A pathway analysis was performed to denote commonalities in protein function among proteins identified as oxidized by DNB. UniProtID numbers for proteins <0.25-fold or >4.0-fold oxidized, as determined by %Oxidation, were uploaded to the Database for Annotation, Visualization, and Integrated Discovery (Huang da et al., 2009). Pathways were identified in the DAVID database by selecting Gene Ontology Term (GOTerm) and searching the protein lists by Molecular Function. Options for pathway determination were set to: 3 proteins to constitute a pathway, and 0.05 as a significance level for P-values and Benjamini values.

Methemoglobin analysis

Cardiac blood was taken from control- and DNB-exposed animals of each age group using the 12 h endpoint time after the last of the 3 intraperitoneal injections. Whole blood was stored less than 1 week at 4°C in tubes containing EDTA to prevent coagulation. Samples were submitted to AniLytics, Inc (Gaithersburg, Maryland) for analysis of methemoglobin percentage.

Statistical analysis

Prior to oxidation analysis on mitochondria-related proteins (MRPs), the false-discovery rate (FDR) for identified proteins (1823 detected by LC/MS/MS) was calculated in Scaffold software, (FDR = 0.3%).
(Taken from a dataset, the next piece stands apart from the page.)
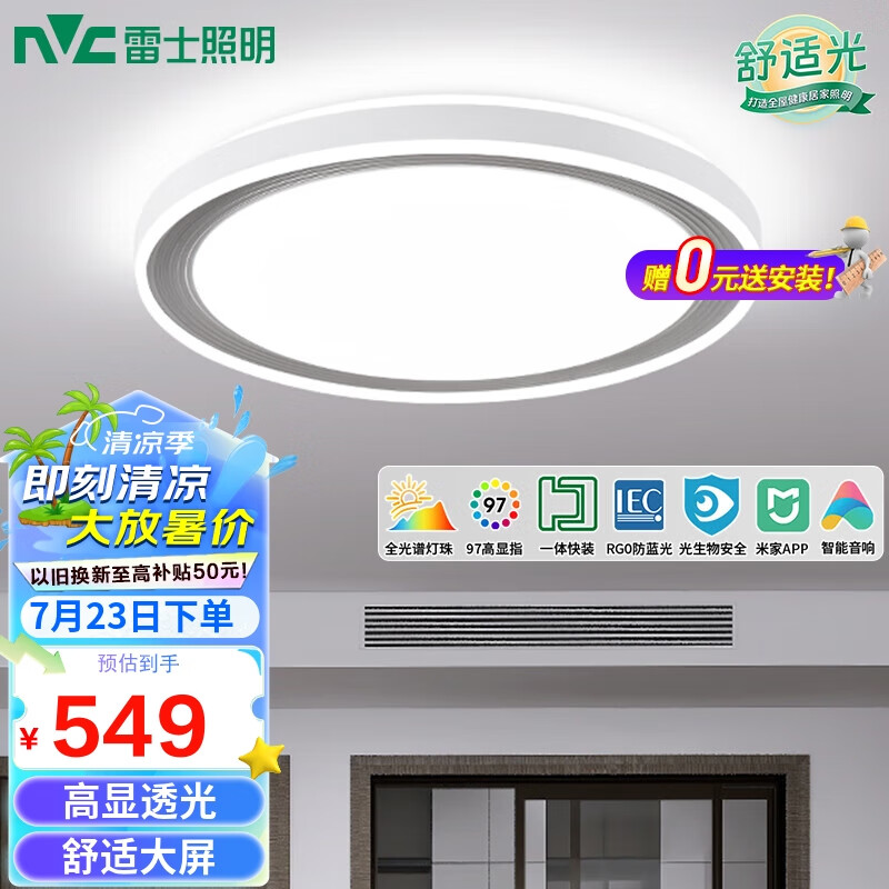 雷士(NVC)LED吸顶灯现代简约客厅卧室书房餐厅灯米家快装小白灯沐雅圆灯价格:549.00元!

Regional oxidation is shown as an average fold change and compared using Student’s t test, with P < 0.05 considered statistically significant (Fig. 4) (Prism software, version 5.0, GraphPad). Data for the comparison of oxidation of MRPs in brainstem and cortex in control animals across age (Fig. 5) were analyzed using 2-way ANOVA with Bonferroni’s multiple comparisons test to assess significance between age groups and between the 2 regions. Data for the methemoglobin assay (Fig. 6) were analyzed using 1-way ANOVA with Tukey’s multiple comparisons test to assess significance between controls and exposed rats within each age group and across all 3 age groups (Prism, Version 5.0, GraphPad).

FIG. 4.

FIG. 4.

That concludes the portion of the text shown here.